Data to use -
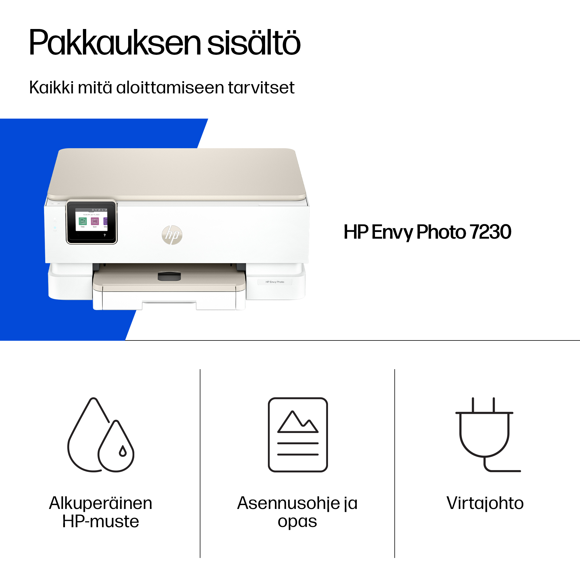 | Laatikon sisältö | HP Envy Photo 7230 All-in-One -tulostin; HP 303 musta alkuperäinen mustepatruuna; HP:n kolmivärinen alkuperäinen aloitusmustepatruuna; Asennusopas; Pikaopas; Virtajohto |
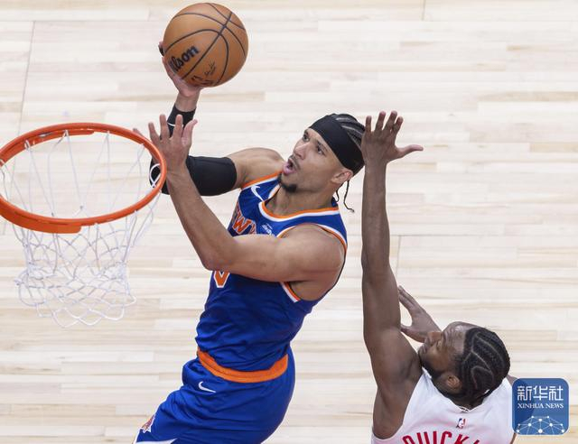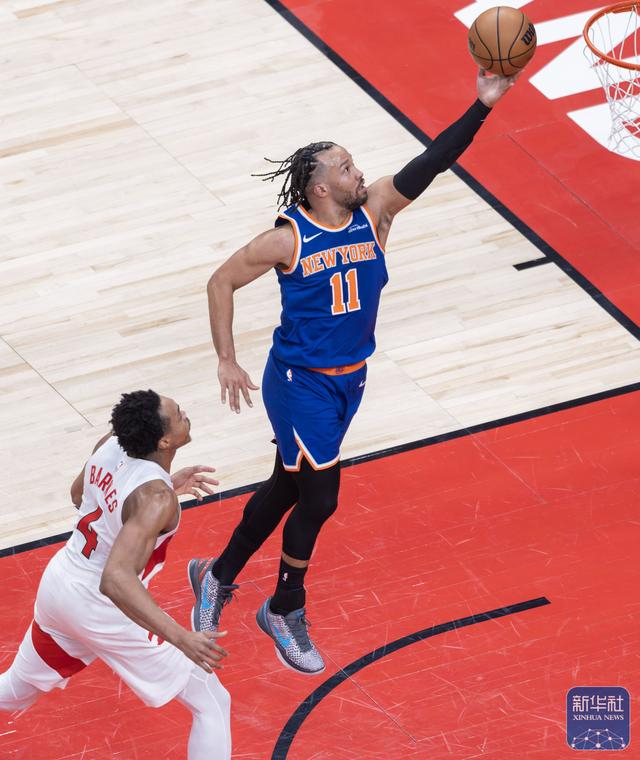 ↑ 尼克斯队球员布伦森(右)在比赛中上篮。
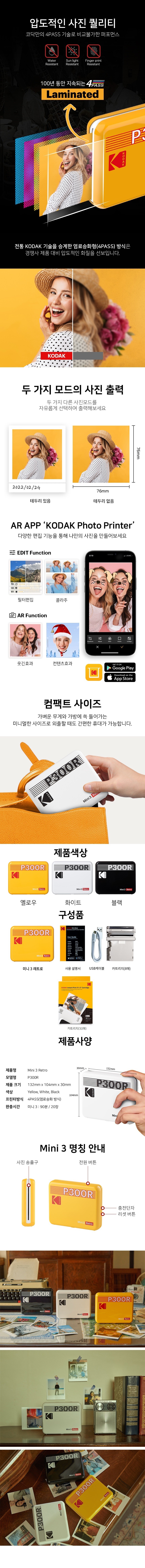 코닥 미니3 포토 프린터&카트리지 30매 세트 Kodak Photo Printer w/ Papers
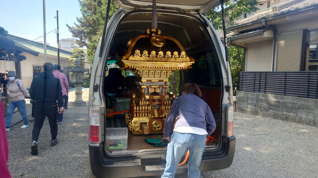 昨年6月に修繕に出した神輿が完成し本日搬入となりました。
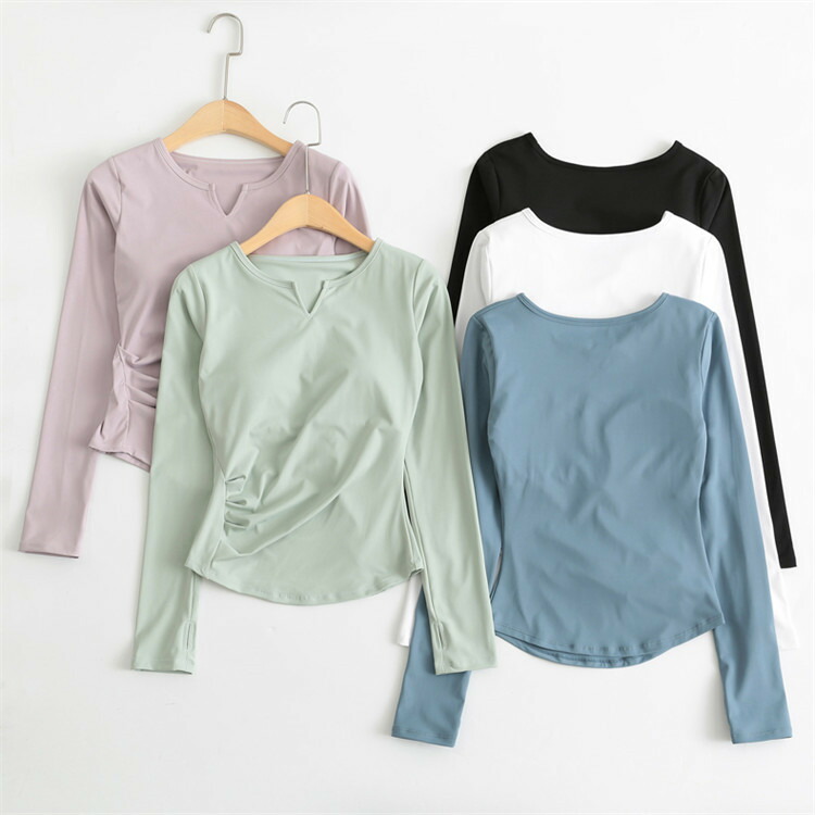 ヨガウェア ヨガ トップス 長袖 カッ スポーツ アウトドア 豊富な品揃え S M L XL 黒 白 ラベンダー ミント ブルー カーキ イエロー
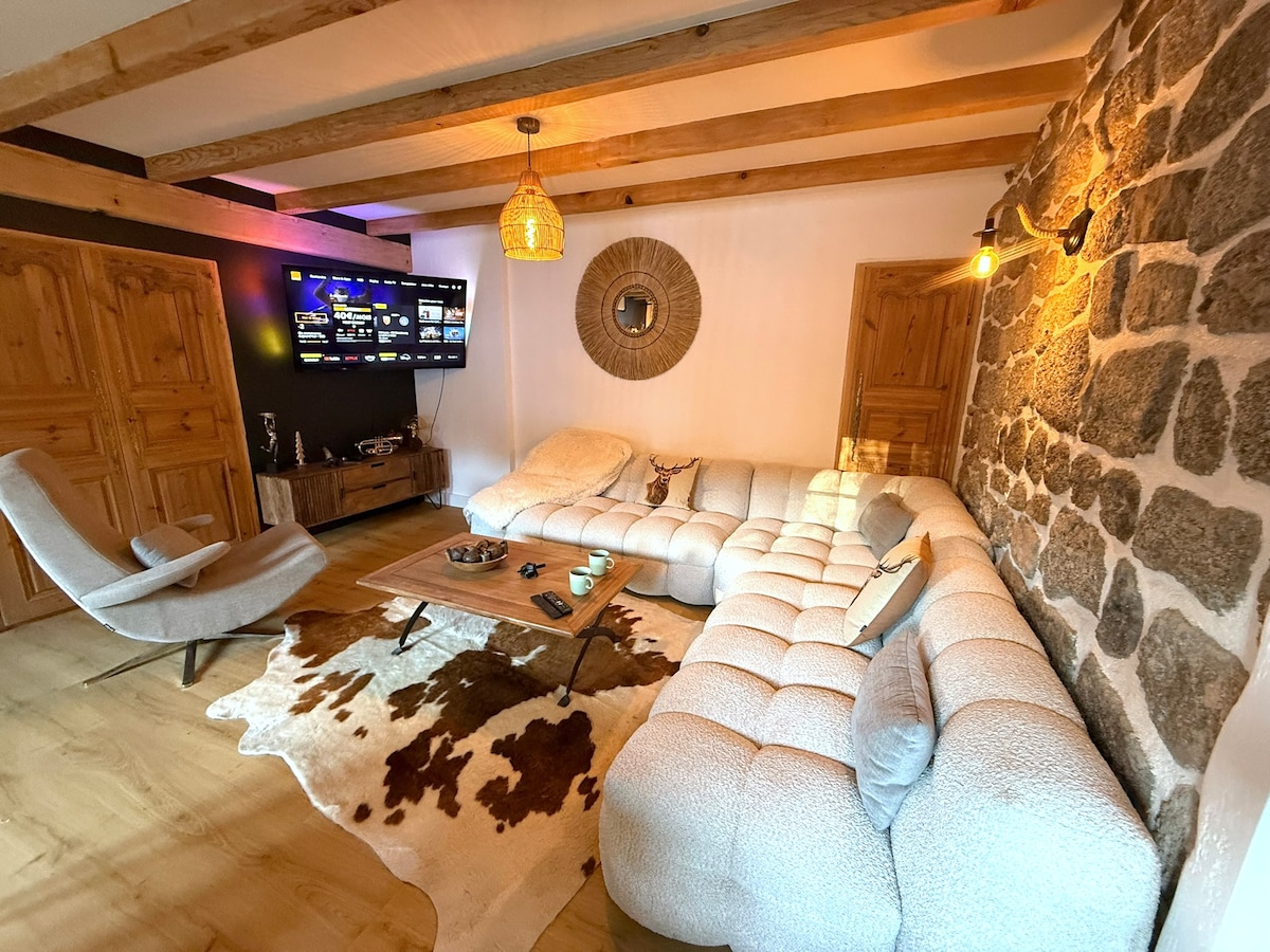 明るく改装されたての60平方メートルの屋根裏部屋で、この快適でリラックスできるコクーンは、モンロゼールの麓で過ごす週末や平和な1週間に最適です。 スティーブンソン通りとショップは1 km先にあります。(食料品店、パン屋、肉屋など) 2つの寝室と広いリビングルームで構成されたこのアパートは、設備が整っています。オーブン(配達待ち)、最新世代の洗濯機、イタリア製シャワー、セラミック製コンロ、レザー製ソファベッド、薪ストーブが備わっています。
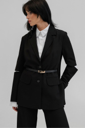 Жакет женский прямого силуэта из ткани однотон,с центральной застежкой по переду на 2 петли и пуговицы,с рукавом втачным до запястья , с воротником пиджачного типа с небольшими лацканами. Частично на подкладке.Перед с карманами клапанами,в боковых швах высокие разрезы.Рукав с горизонтальным разрезом по верхней части в области локтя. Декор ремень. Длина 74см, ширина по линии груди 50,52,54,56см. (42,44,46,48рр) ширина по талии 49,51,53,55 см ширина по линии бедер 54,56,58,60 см соответственно. Длина рукава 62см .
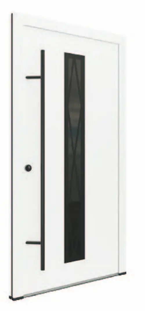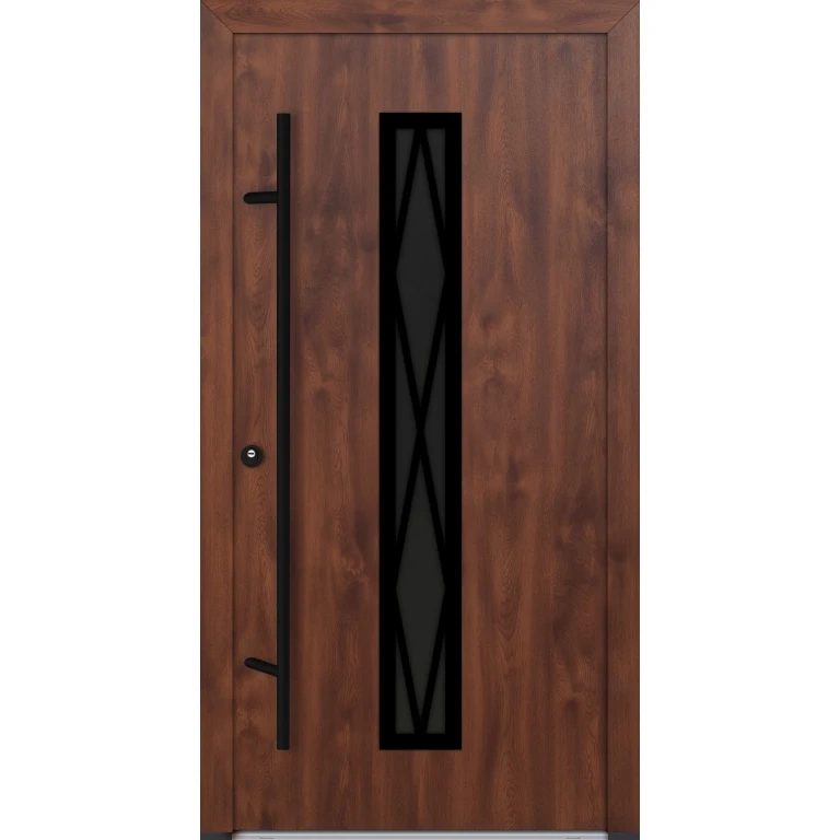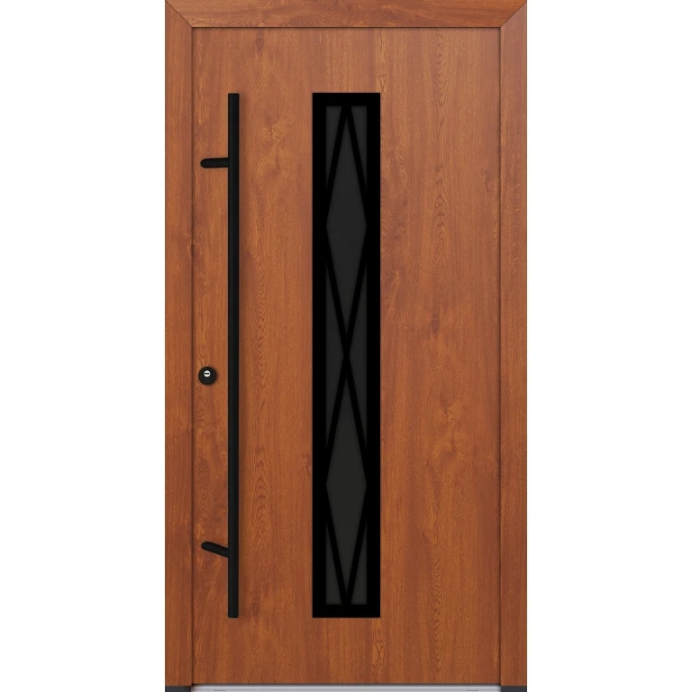 Skrzydło drzwiowe o grubości 82mm wypełnione jest XPS-em (styrodur). Poszycie stanowią blachy ze stali nierdzewnej pokryte folią PVC odporną na UV i warunki atmosferyczne. DS82 dostępne są w kolorze antracyt, biały, orzech, złoty dąb, winchester i dąb turner. Izolacyjność termiczna wynosi 0,68 W/m²K bez szyby i 0,89 - 1,09 W/m²K z szybą, w zależności od modelu szyby. Drzwi w standardzie wyposażone są w 5-punktowy zamek hakowy Winkhaus, zawiasy 3D z 6 bolcami zabezpieczającymi przed wyważeniem, 3 uszczelki systemowe - 2 w ościeżnicy i 1 w skrzydle oraz próg z izolacją termiczną. Jeżeli podoba Ci się pochwyt zwany inaczej antabą możesz wybrać prostokątny lub okrągły, inox lub czarny. Jeżeli natomiast wolisz standardowe rozwiązania możesz zamówić drzwi z klamką srebrną lub czarną po obu stronach skrzydła. Oferowane drzwi dostępne są wielu ciekawych modelach. Możesz wybrać drzwi pełne bez przeszklenia lub przeszklone czyli z szybą. Niezależnie od wybranego modelu przeszklenia można wybrać szybę przezroczystą, satynową (mleczną), przyciemnioną w kolorze grafitowym, odbijającą reflex również w kolorze grafitowym oraz popularne lustro weneckie.

Task goal - Look above for the line containing "昨年6月に修繕に出した神輿が完成し本日搬入となりました。", then copy exactly from it through the line containing "Жакет женский прямого", keeping both and leaving out pictures. Add nothing else.

Completed exercise -
 昨年6月に修繕に出した神輿が完成し本日搬入となりました。
 ヨガウェア ヨガ トップス 長袖 カッ スポーツ アウトドア 豊富な品揃え S M L XL 黒 白 ラベンダー ミント ブルー カーキ イエロー
 明るく改装されたての60平方メートルの屋根裏部屋で、この快適でリラックスできるコクーンは、モンロゼールの麓で過ごす週末や平和な1週間に最適です。 スティーブンソン通りとショップは1 km先にあります。(食料品店、パン屋、肉屋など) 2つの寝室と広いリビングルームで構成されたこのアパートは、設備が整っています。オーブン(配達待ち)、最新世代の洗濯機、イタリア製シャワー、セラミック製コンロ、レザー製ソファベッド、薪ストーブが備わっています。
 Жакет женский прямого силуэта из ткани однотон,с центральной застежкой по переду на 2 петли и пуговицы,с рукавом втачным до запястья , с воротником пиджачного типа с небольшими лацканами. Частично на подкладке.Перед с карманами клапанами,в боковых швах высокие разрезы.Рукав с горизонтальным разрезом по верхней части в области локтя. Декор ремень. Длина 74см, ширина по линии груди 50,52,54,56см. (42,44,46,48рр) ширина по талии 49,51,53,55 см ширина по линии бедер 54,56,58,60 см соответственно. Длина рукава 62см .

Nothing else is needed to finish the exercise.